N = upsample * (num_positive_lobes * 2 + 1)
t = (np.arange(N) - N / 2) / upsample
# result vector
h_rrc = np.zeros(t.size, dtype=np.float)
# index for special cases
sample_i = np.zeros(t.size, dtype=np.bool)
# deal with special cases
subi = t == 0
sample_i = np.bitwise_or(sample_i, subi)
h_rrc[subi] = 1.0 - alpha + (4 * alpha / np.pi)
subi = np.abs(t) == 1 / (4 * alpha)
sample_i = np.bitwise_or(sample_i, subi)
h_rrc[subi] = (alpha / np.sqrt(2)) \
* (((1 + 2 / np.pi) * (np.sin(np.pi / (4 * alpha))))
+ ((1 - 2 / np.pi) * (np.cos(np.pi / (4 * alpha)))))
# base case
sample_i = np.bitwise_not(sample_i)
ti = t[sample_i]
h_rrc[sample_i] = np.sin(np.pi * ti * (1 - alpha)) \
+ 4 * alpha * ti * np.cos(np.pi * ti * (1 + alpha))
h_rrc[sample_i] /= (np.pi * ti * (1 - (4 * alpha * ti) ** 2))
return h_rrc

commpy doesn't seem to be released yet. But here is my nugget of knowledge.
beta = 0.20 # roll off factor
Tsample = 1.0 # sampling period, should at least twice the rate of the symbol
oversampling_rate = 8 # oversampling of the bit stream, this gives samples per symbol
# must be at least 2X the bit rate
Tsymbol = oversampling_rate * Tsample # pulse duration should be at least 2 * Ts
span = 50 # number of symbols to span, must be even
n = span*oversampling_rate # length of the filter = samples per symbol * symbol span
# t_step must be from -span/2 to +span/2 symbols.
# each symbol has 'sps' number of samples per second.
t_step = Tsample * np.linspace(-n/2,n/2,n+1) # n+1 to include 0 time
BW = (1 + beta) / Tsymbol
a = np.zeros_like(t_step)
for item in list(enumerate(t_step)):
i,t = item
# t is n*Ts
if (1-(2.0*beta*t/Tsymbol)**2) == 0:
a[i] = np.pi/4 * np.sinc(t/Tsymbol)
print 'i = %d' % i
elif t == 0:
a[i] = np.cos(beta * np.pi * t / Tsymbol)/ (1-(2.0*beta*t/Tsymbol)**2)
print 't = 0 captured'
print 'i = %d' % i
else:
numerator = np.sinc( np.pi * t/Tsymbol )*np.cos( np.pi*beta*t/Tsymbol )
denominator = (1.0 - (2.0*beta*t/Tsymbol)**2)
a[i] = numerator / denominator
#a = a/sum(a) # normalize total power
plot_filter = 0
if plot_filter == 1:
w,h = signal.freqz(a)
fig = plt.figure()
plt.subplot(2,1,1)
plt.title('Digital filter (raised cosine) frequency response')
ax1 = fig.add_subplot(211)
plt.plot(w/np.pi, 20*np.log10(abs(h)),'b')
#plt.plot(w/np.pi, abs(h),'b')
plt.ylabel('Amplitude (dB)', color = 'b')
plt.xlabel(r'Normalized Frequency ($\pi$ rad/sample)')
ax2 = ax1.twinx()
angles = np.unwrap(np.angle(h))
plt.plot(w/np.pi, angles, 'g')
plt.ylabel('Angle (radians)', color = 'g')
plt.grid()
plt.axis('tight')
plt.show()
plt.subplot(2,1,2)
plt.stem(a)
plt.show()

I think the correct response is to generate the desire impulse response.

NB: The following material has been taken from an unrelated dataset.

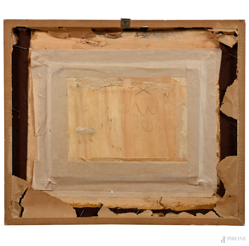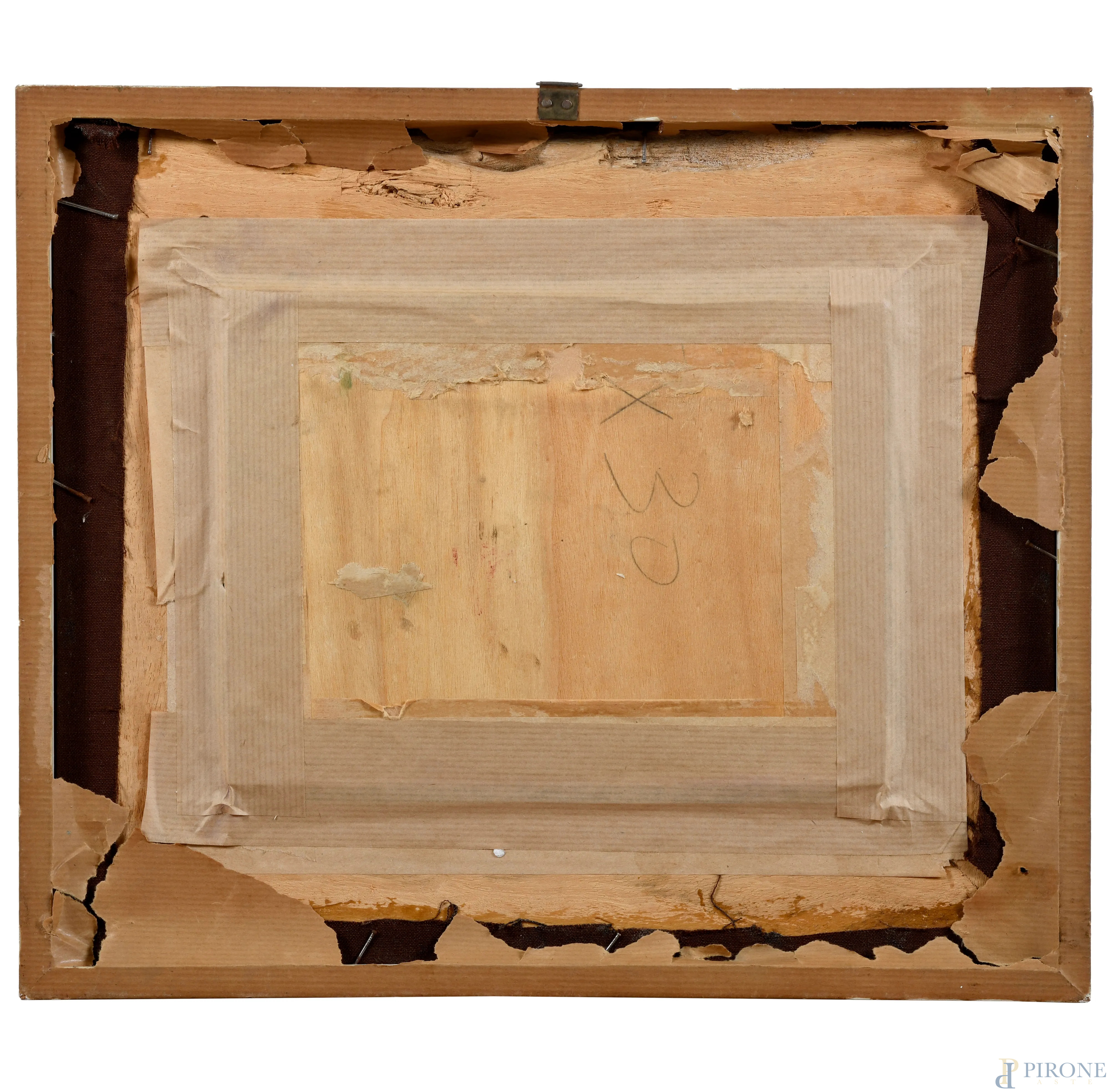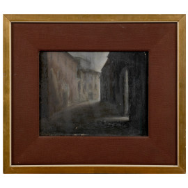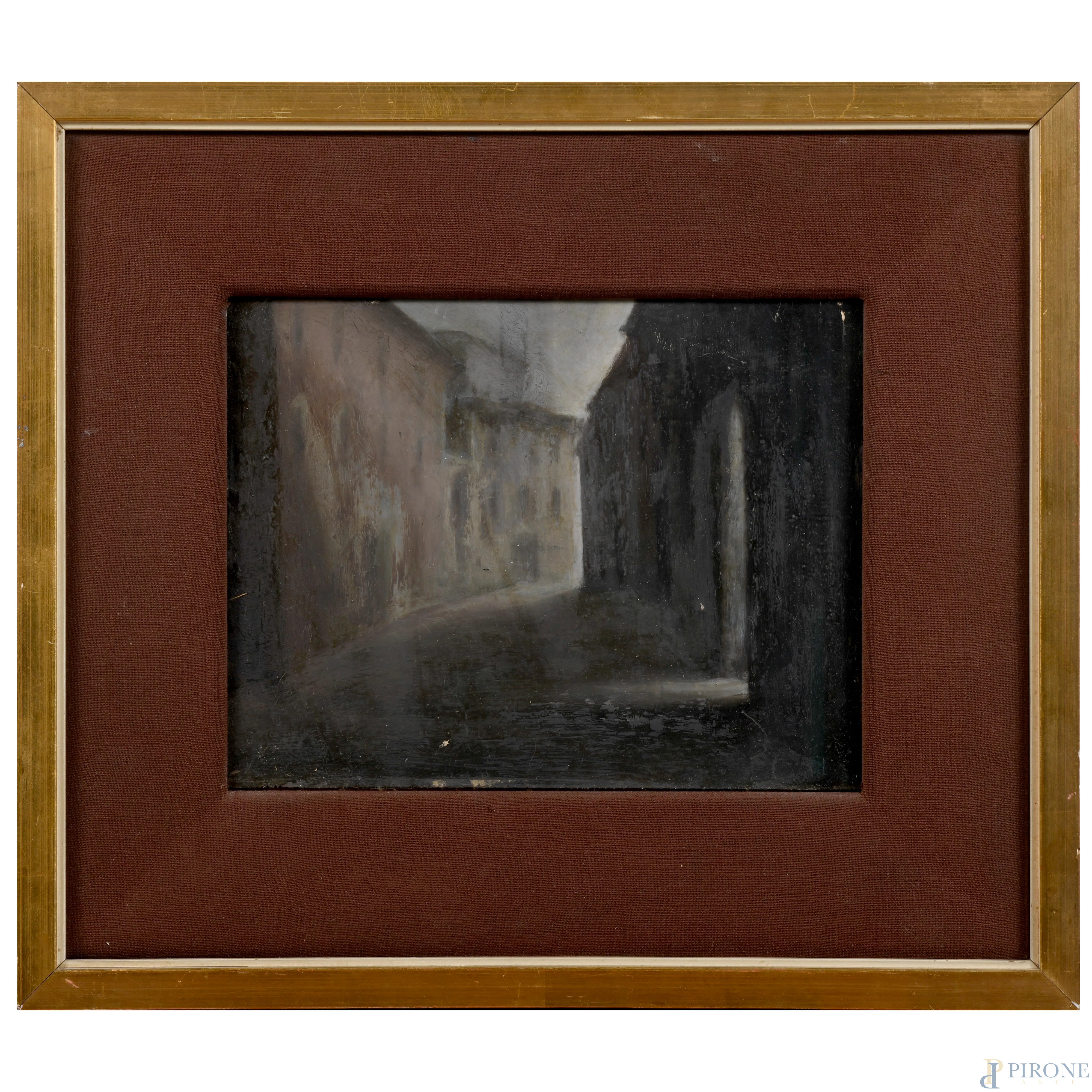 Tra i vicoli, XX secolo, olio su compensato, cm 18x24, entro cornice, (consunzione della superficie pittorica, piccole cadute di colore)
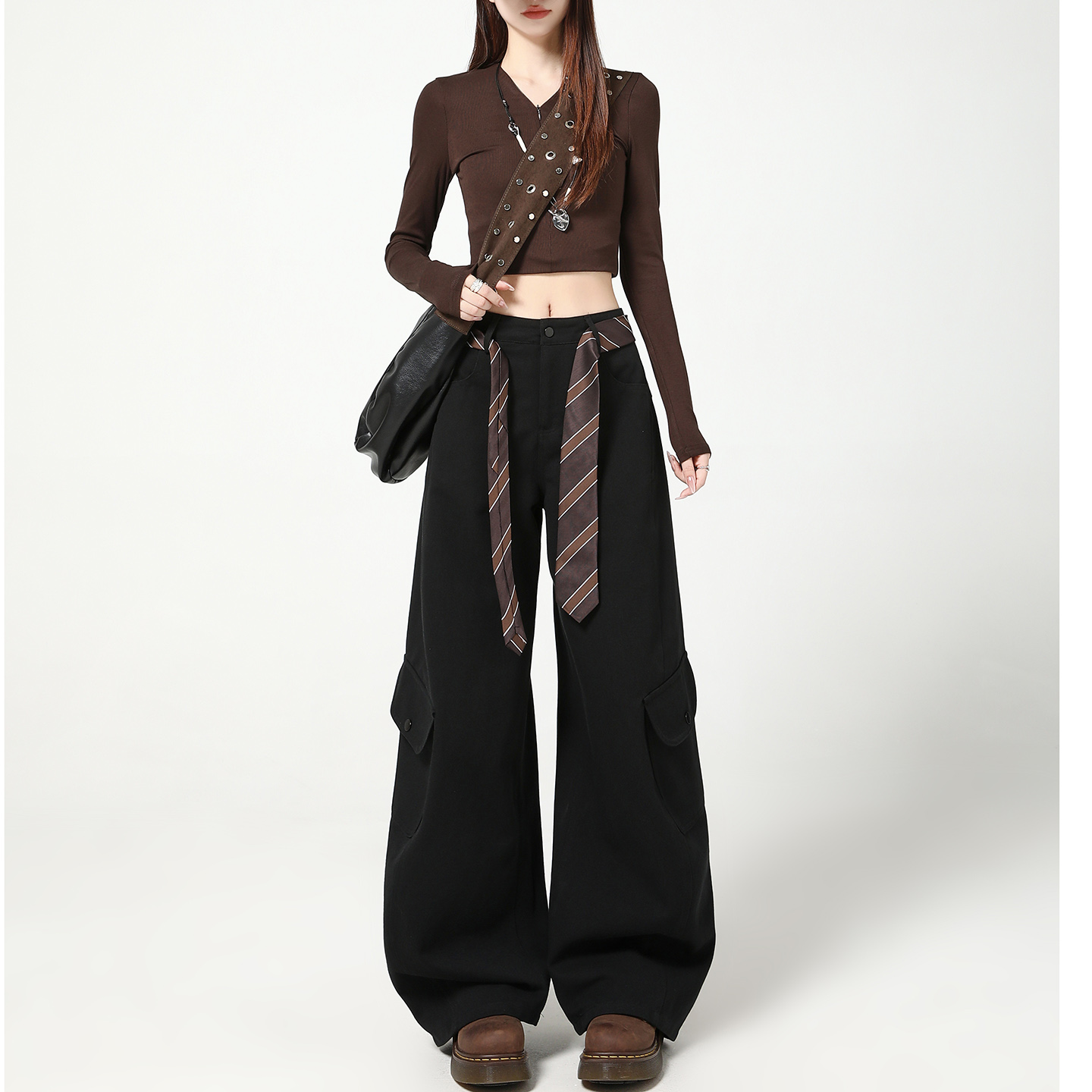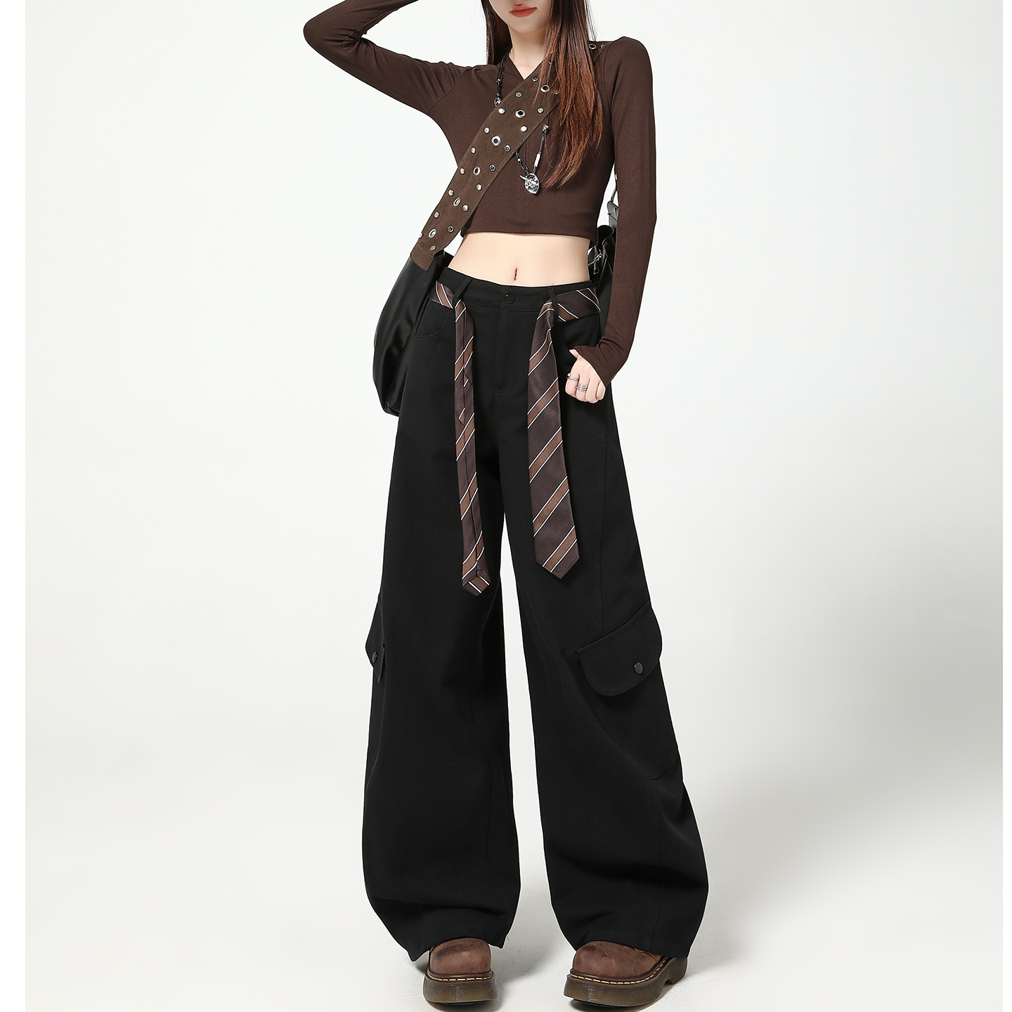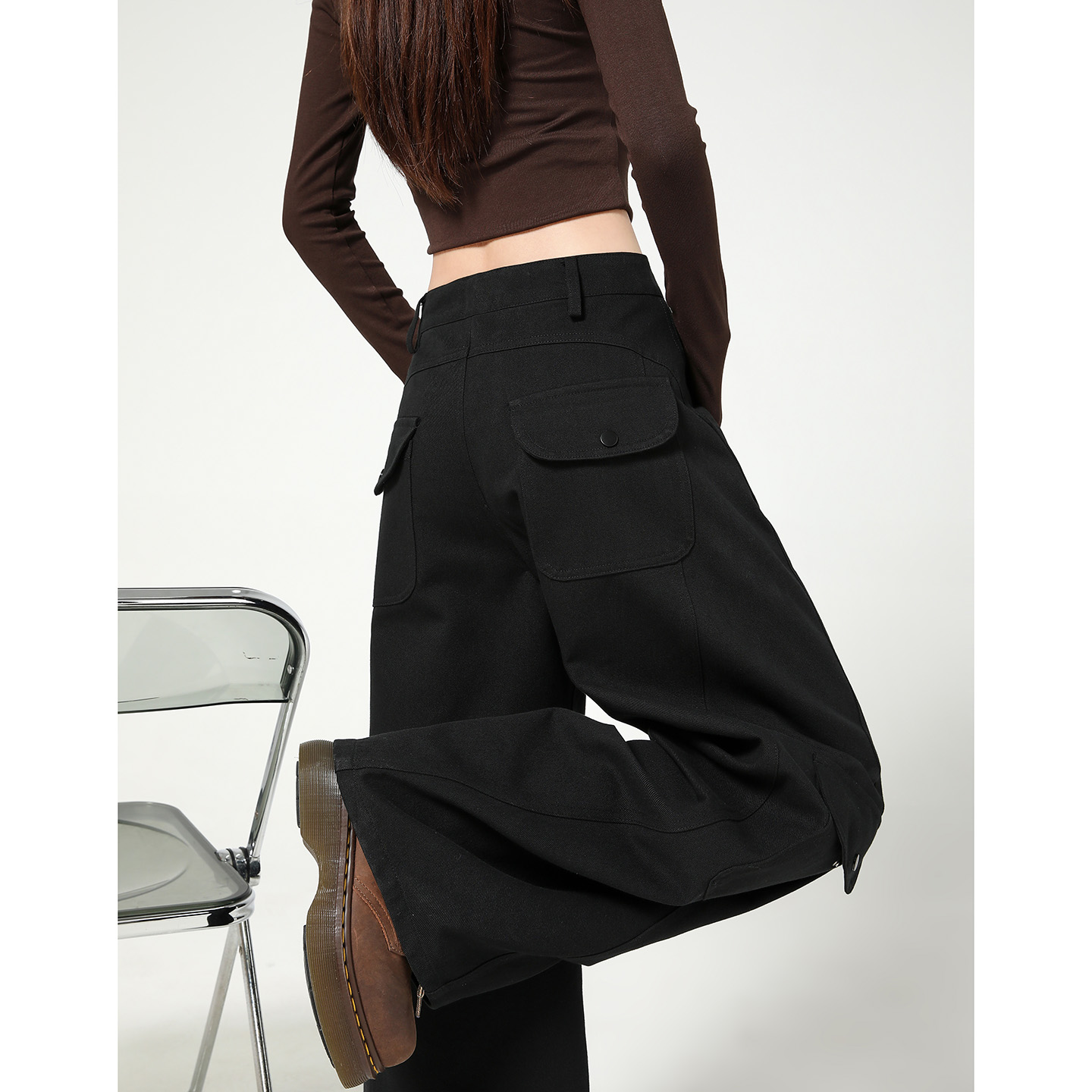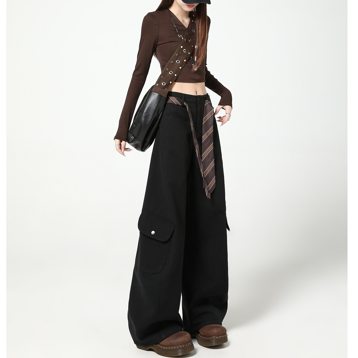 女2025秋季 裤 新款 工装 阔腿宽松显瘦高级感美式 黑色高腰弯刀休闲裤

For a raised cosine filter the function is
h(n) = (sinc(n/T)*cos(pi * alpha* n /T)) / (1-4*(alpha*n/T)**2)
Select the number of points for your filter and generate the weights.
output = scipy.signal.convolve(signal_in, h)

This is basically the same function as in CommPy but much smaller in code:
def rcosfilter(N, beta, Ts, Fs):
t = (np.arange(N) - N / 2) / Fs
return np.where(np.abs(2*t) == Ts / beta,
np.pi / 4 * np.sinc(t/Ts),
np.sinc(t/Ts) * np.cos(np.pi*beta*t/Ts) / (1 - (2*beta*t/Ts) ** 2))

SciPy will support any filter. Just calculate the impulse response and use any of the appropriate scipy.signal filter/convolve functions.